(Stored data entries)
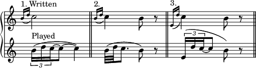 첫 번째 장식음은 주음에서 음정(interval)이 어느 정도 차이가 있어도 가능하지만, 두 번째 장식음은 항상 주음에서 1도 이내에 있어야 합니다. 두 음의 길이는 고정되어 있지 않으며, 주음이 길수록 느리게(보기 1), 주음이 짧을수록 빠르게 연주(보기 2)됩니다. 또한 첫 번째 장식음이 주음에서 음정 차이거 멀리 벌어진 경우가, 두 음이 모두 가까운 경우보다 더 느리게 연주되어야 합니다(보기 3).
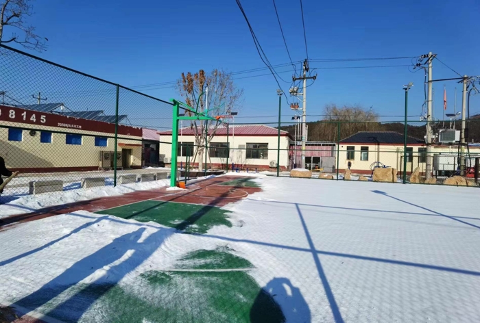 溪翁庄镇东智东村篮球场是在原有篮球场地翻建篮球场,规划使用面积726.87平方米,翻建篮球场面积581.01平方米。首先拆除原有场地设施,对土基层进行碾压整平,上铺25cm厚砂砾层、15cm厚级配碎石,浇筑 C25混凝土垫层 。待满足施工条件后,施工弹性塑胶地面,采用聚氨酯划线 。场地内设1副室外电动液压篮球架 ,四周设立4m高围网,8套球场专用太阳能灯。极大提升了新建篮球场的使用感,满足了周边群众的体育健身需求。
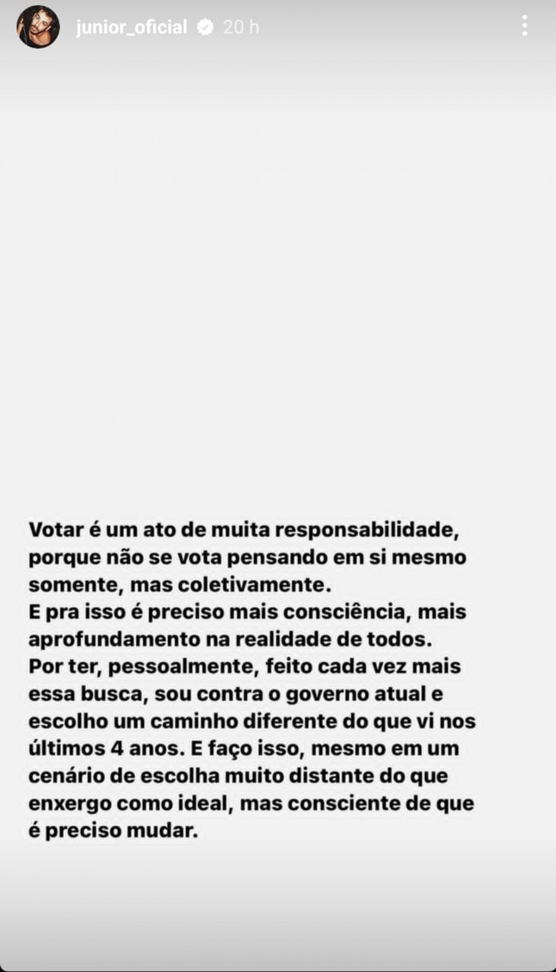 "Votar é um ato de muita responsabilidade, porque não se vota pensando em si mesmo somente, mas coletivamente. E, para isso, é preciso mais consciência, mais aprofundamento na realidade de todos. Por ter, pessoalmente, feito cada vez mais essa busca, sou contra o governo atual e escolho um caminho diferente do que vi nos últimos quatro anos. Faço isso mesmo em um cenário de escolha muito distante do que enxergo como ideal, mas consciente de que é preciso mudar", argumentou.
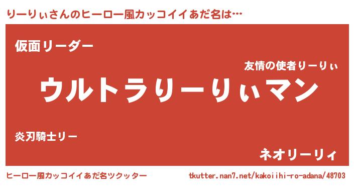 | 意味不明あだ名 | 『りーりぃフォーエバー』 |
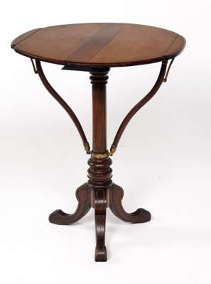 the circular top raised on baluster turned column, carved cabriole tripod legs terminating in pad feet
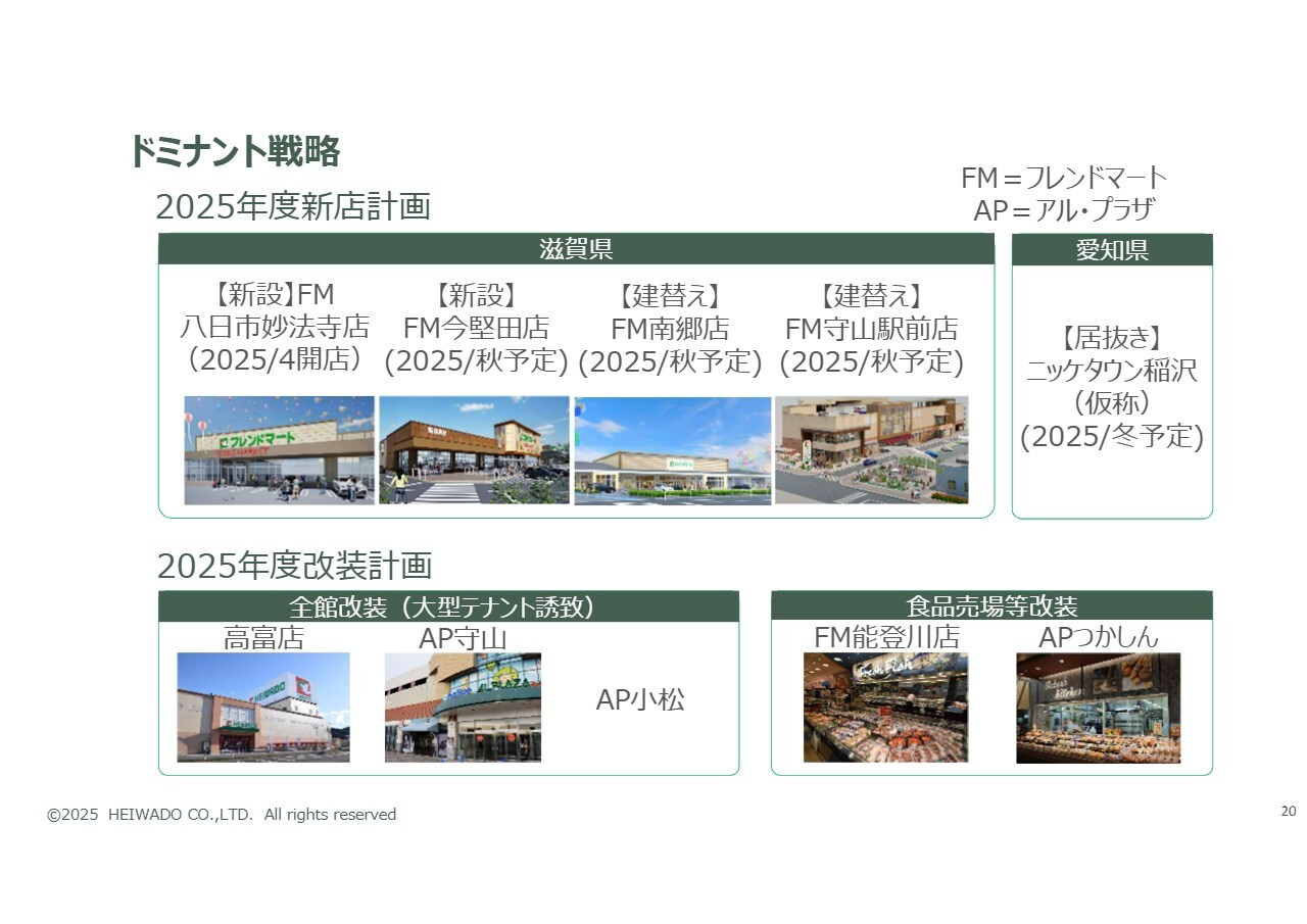 年度初めにスライド上段の4店舗の新店についてご説明しました。これらはいずれも滋賀県にあります。昨年は愛知県の店舗が多かったのですが、今年は滋賀県が多くなっています。なお、「フレンドマート南郷店」と「フレンドマート守山駅前店」の2店舗は建て替えによる新店です。
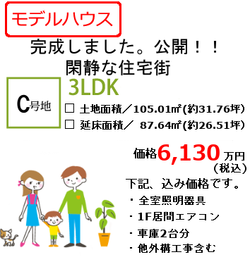 全室照明器具・1F居間エアコン・車庫2台分他外構工事含む

§ **Required work**: The records are to be returned word for word, without any of their pictures.

§ **Result**:
 첫 번째 장식음은 주음에서 음정(interval)이 어느 정도 차이가 있어도 가능하지만, 두 번째 장식음은 항상 주음에서 1도 이내에 있어야 합니다. 두 음의 길이는 고정되어 있지 않으며, 주음이 길수록 느리게(보기 1), 주음이 짧을수록 빠르게 연주(보기 2)됩니다. 또한 첫 번째 장식음이 주음에서 음정 차이거 멀리 벌어진 경우가, 두 음이 모두 가까운 경우보다 더 느리게 연주되어야 합니다(보기 3).
 溪翁庄镇东智东村篮球场是在原有篮球场地翻建篮球场,规划使用面积726.87平方米,翻建篮球场面积581.01平方米。首先拆除原有场地设施,对土基层进行碾压整平,上铺25cm厚砂砾层、15cm厚级配碎石,浇筑 C25混凝土垫层 。待满足施工条件后,施工弹性塑胶地面,采用聚氨酯划线 。场地内设1副室外电动液压篮球架 ,四周设立4m高围网,8套球场专用太阳能灯。极大提升了新建篮球场的使用感,满足了周边群众的体育健身需求。
 "Votar é um ato de muita responsabilidade, porque não se vota pensando em si mesmo somente, mas coletivamente. E, para isso, é preciso mais consciência, mais aprofundamento na realidade de todos. Por ter, pessoalmente, feito cada vez mais essa busca, sou contra o governo atual e escolho um caminho diferente do que vi nos últimos quatro anos. Faço isso mesmo em um cenário de escolha muito distante do que enxergo como ideal, mas consciente de que é preciso mudar", argumentou.
 | 意味不明あだ名 | 『りーりぃフォーエバー』 |
 the circular top raised on baluster turned column, carved cabriole tripod legs terminating in pad feet
 年度初めにスライド上段の4店舗の新店についてご説明しました。これらはいずれも滋賀県にあります。昨年は愛知県の店舗が多かったのですが、今年は滋賀県が多くなっています。なお、「フレンドマート南郷店」と「フレンドマート守山駅前店」の2店舗は建て替えによる新店です。
 全室照明器具・1F居間エアコン・車庫2台分他外構工事含む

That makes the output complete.